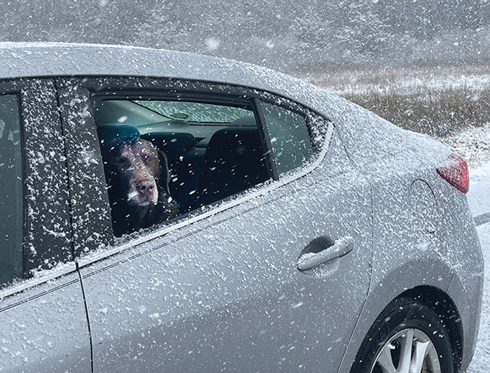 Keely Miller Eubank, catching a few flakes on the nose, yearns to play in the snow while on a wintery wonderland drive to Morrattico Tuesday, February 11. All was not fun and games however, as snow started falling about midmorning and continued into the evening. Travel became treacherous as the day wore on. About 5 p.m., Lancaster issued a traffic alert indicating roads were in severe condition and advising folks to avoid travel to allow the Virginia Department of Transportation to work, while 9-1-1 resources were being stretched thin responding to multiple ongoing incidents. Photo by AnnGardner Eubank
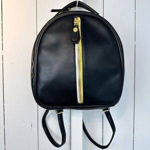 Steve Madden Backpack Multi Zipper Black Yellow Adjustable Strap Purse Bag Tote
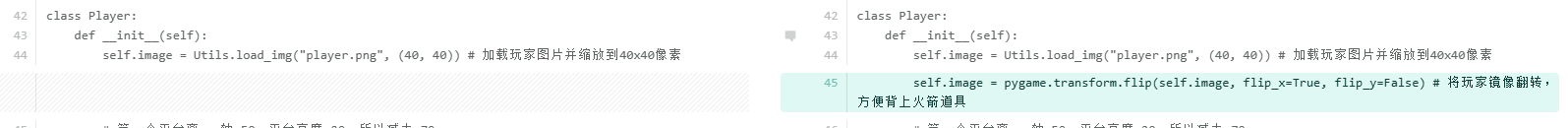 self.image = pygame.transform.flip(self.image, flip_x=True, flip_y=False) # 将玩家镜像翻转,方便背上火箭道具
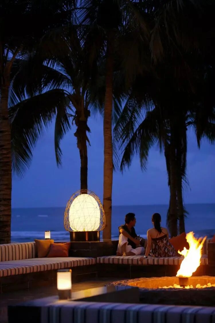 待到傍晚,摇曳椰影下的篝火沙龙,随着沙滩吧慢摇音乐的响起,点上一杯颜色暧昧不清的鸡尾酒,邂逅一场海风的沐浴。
§ §
**WORK TO COMPLETE:** Please give again, word for word, the lines from the one containing "Steve Madden Backpack" through the last line of the listing above, inclusive, and leave out pictures.

**TASK RESULT:**
 Steve Madden Backpack Multi Zipper Black Yellow Adjustable Strap Purse Bag Tote
 self.image = pygame.transform.flip(self.image, flip_x=True, flip_y=False) # 将玩家镜像翻转,方便背上火箭道具
 待到傍晚,摇曳椰影下的篝火沙龙,随着沙滩吧慢摇音乐的响起,点上一杯颜色暧昧不清的鸡尾酒,邂逅一场海风的沐浴。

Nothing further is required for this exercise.